I've been to Lincoln and back today for a cuppa with my dad and say hi to @Purplepantyman. 870 miles since Christmas day.
How would that lend itself to an otherwise standard 2 litre running with dell carbs and standard exhaust set up do you think.
@zed forgot to say. I have some 34 vents if you want to play. They are brand new! Im not gonna use em any time soon or possibly at all!
Have been following your engine build Zed with great interest, love the ethos of a great increase in torque coupled with enough usable revs to make motorway cruising easy. I guess this motor must push the bus out of roundabouts & uphill at a rate that brings a big smile to your face Have you any idea on what it's like on fuel yet ?
It works really well on all the type 4 engines. I have done this many times using the 1.8 inlet valves.
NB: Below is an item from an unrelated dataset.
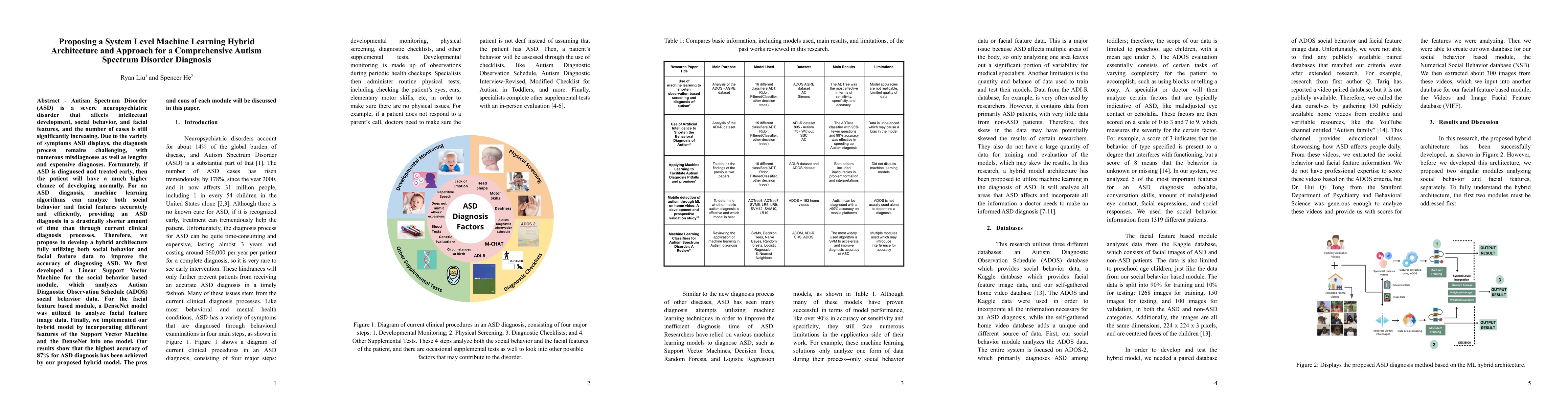 This paper proposes a hybrid machine learning architecture combining social behavior and facial feature data to improve Autism Spectrum Disorder (ASD) diagnosis accuracy. The system uses a Linear Support Vector Machine for social behavior analysis and a DenseNet model for facial feature analysis, achieving an 87% accuracy rate, significantly enhancing the efficiency and precision of ASD diagnosis.

On a 2ltr I would not use 42mm valves as you would lose power at lower revs with a std cam fitted.
Not yet but I did brim the tank and take a mileage reading yesterday. Must do something with the gauge which read just above the red but only had 3l of fuel left in the tank, or at least I got 52l in when I filled up. That's as near to running out as I've been since i was 19 and learned a hard lesson.
OK I am curious to hear what the consumption is like, my guess is it won't be much different to the normal 23 - 27 mpg as with all the torque you won't have to drive the wheels off it to make decent progress. Last time I ran out of fuel I was 21 & it was in a Capri funny how you learn quick ! Just thinking the Capri was on an X plate & about 3 yrs old at the time - how old do I feel now
I wrote the mileage on the receipt and promply threw it away.
I know the route I took and miles and guesswork for some extra miles TBH but it came out as 20mpg - that's very rough! After my blocked oil cooler pipe fiasco, an even cruder (I couldn't bear it) calc put it at 16 - that oil pump must have been fighting so hard it sapped 4mpg.
My 20mpg did involve 10-20 miles at 70mph and some sprightly over-taking from time to time. It shouldn't be any different until I ask it to do more than a standard engine. I read somewher that it takes 30HP to drive a bus at 50mph and assuming similar effeciency it must take the same fuel whatever the engine size? If it's more efficient which I suspect it jolly well is, and I drove it gently I think I'd be pleasantly surprised.
Broadly speaking, the specific efficiency (fuel used per kW produced) of a petrol engine is greater at full throttle than at part throttle (throttling losses). With a bigger engine, your cruising power is generated at a lesser throttle position so the relative efficiency of the engine is lower, needing more petrol to produce the same power. That's why smaller engines are more economical in day-to-day use than larger engines.
You had it on the Dyno yet sounds intresting
For the sake of completeness, I did go to a bit of a rubbish rolling road and came home with this.
Great torque curve!
I have a 2.9L itch that might need scratching at some point, the only thing stopping me is that this one is going to be hard to beat for a camper.
Your CR is quite low, isn't it? Might take a bit of turbo boost?
All vw a/c engines standard, run 7.4, 7.5 CR. Mine is under 8. It runs cool. Say no more.
2.9i turbo? Hmm, probably not. Far too much fiddling and worry. Camping remember?